# Eric's Guitars banner...



## darren (Dec 13, 2006)

Uh... scroll down...

Is that _supposed_ to be there? Not that i'm complaining, but the banners really shouldn't be NSFW... at least avatars and sigs can be turned off.


----------



## Metal Ken (Dec 13, 2006)

?
It just says "Erics Guitars.com"

Whats NWS About it?


----------



## Steve (Dec 13, 2006)

It looks ok to me, as well.


----------



## The Dark Wolf (Dec 13, 2006)

No problems on my end, either.


----------



## Oguz286 (Dec 13, 2006)

Uhm, it looks like a banner? What's the matter with it?


----------



## Makelele (Dec 13, 2006)

Looks completely normal to me. You sure you haven't got some adware or something?


----------



## Chris (Dec 13, 2006)

Aye, that banner is stored on my server:

http://www.sevenstring.org/forum/images/banners/egbanner.jpg

So it never changes. WTF are you talking about, you filthy canuck?


----------



## Naren (Dec 13, 2006)

What's wrong with it?  It just says "Eric's Guitars." Is the name "Eric" not safe for work in Canada? If so, I'll have to remember never to go on a business trip to Canada.


----------



## Jeff (Dec 13, 2006)

well, if you tilt your head to the left and squint, you can see a boob. Okay, that's probably just me. I can see a boob in my imagination just about anytime I want.


----------



## eaeolian (Dec 13, 2006)

Jeff said:


> well, if you tilt your head to the left and squint, you can see a boob. Okay, that's probably just me. I can see a boob in my imagination just about anytime I want.
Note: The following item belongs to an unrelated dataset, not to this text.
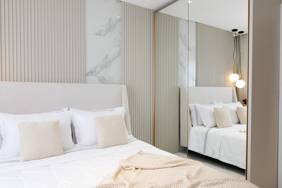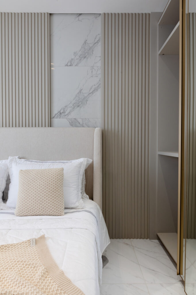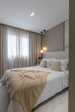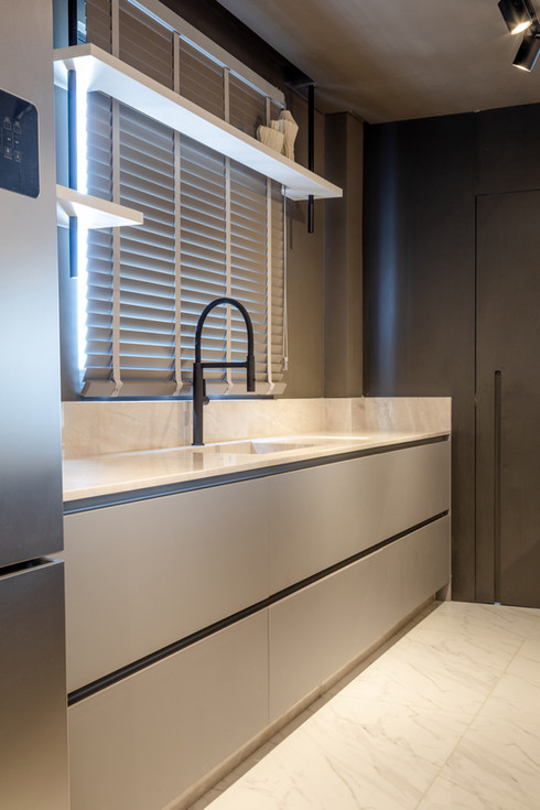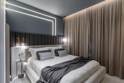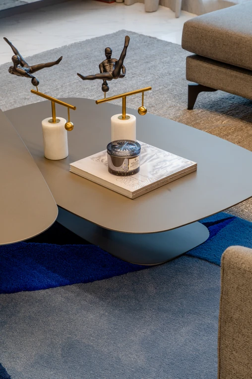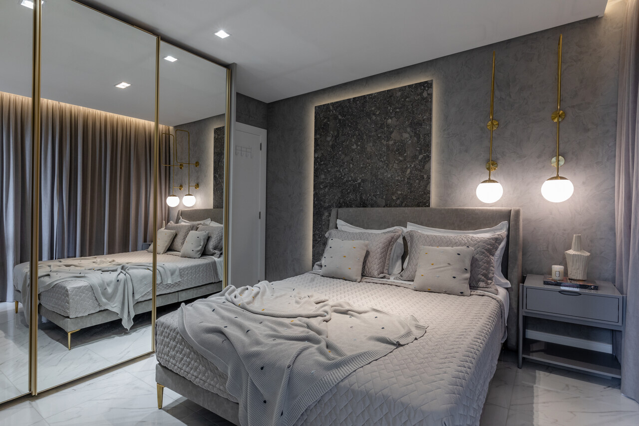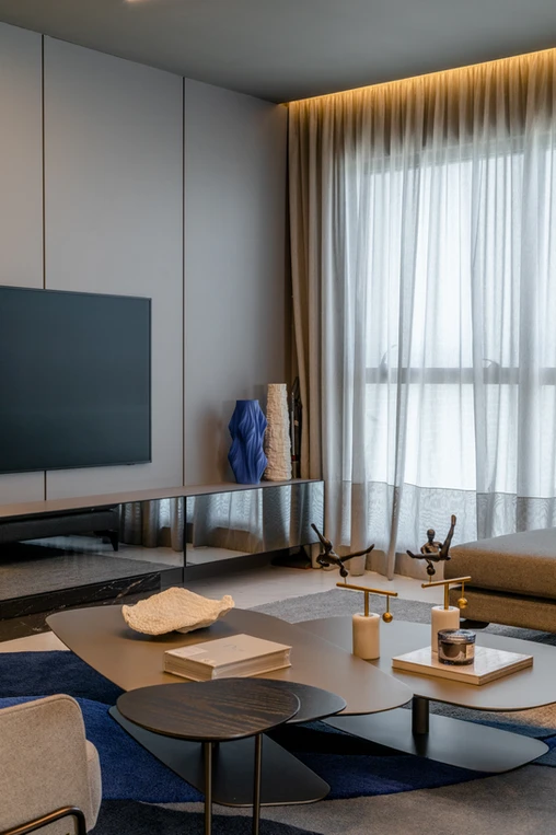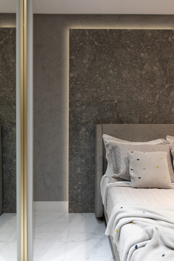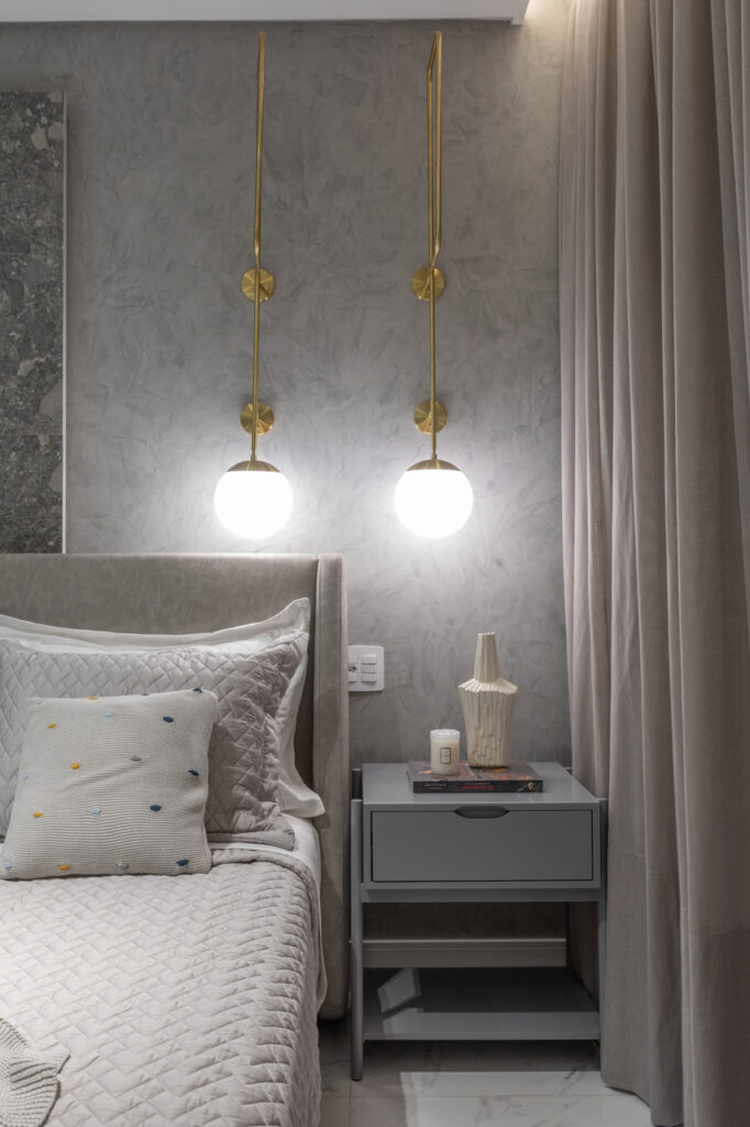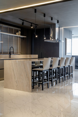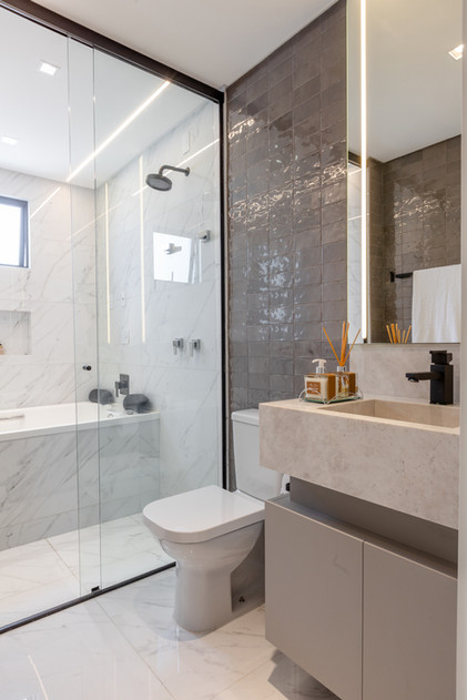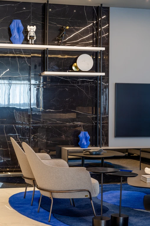 Este espaço teve como premissa a contemporaneidade de forma singular, com a utilização de uma paleta cinza combinada com tons de azul intenso que se destacam no ambiente, além do porcelanato preto Nero Venato, criando um ambiente perfeito para receber os amigos. O azul também se destaca nas diferentes texturas, como na aplicação do veludo azul na parede, emoldurada com um painel com ângulo inclinado. Além disso, a iluminação aparece com bastante relevância através dos perfis de led, que se conectam entre os ambientes, das arandelas e pendentes singulares e dos painéis com iluminação indireta.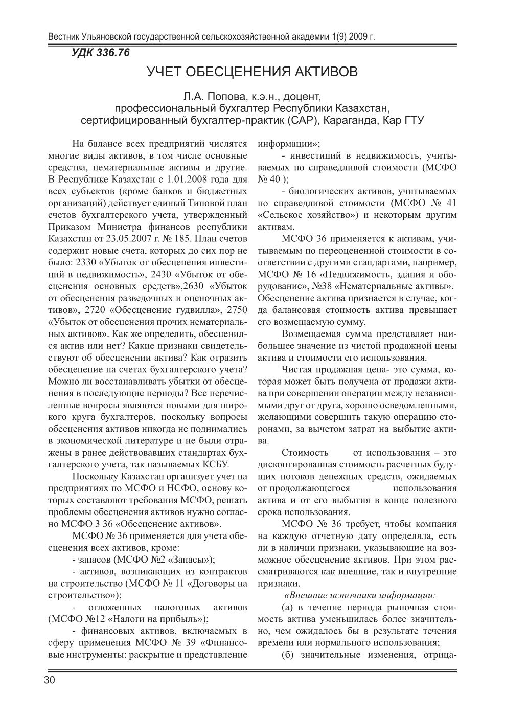 Учет обесценения активов - тема научной статьи по экономике и экономическим наукам, читайте бесплатно текст научно-исследовательской работы в электронной библиотеке КиберЛенинка

That's because you have a "Y" chromosome.


----------



## Rick (Dec 13, 2006)

Jeff said:


> well, if you tilt your head to the left and squint, you can see a boob. Okay, that's probably just me. I can see a boob in my imagination just about anytime I want.



Me too. We've been blessed with the gift!


----------



## Metal Ken (Dec 13, 2006)

eaeolian said:


> That's because you have a "Y" chromosome.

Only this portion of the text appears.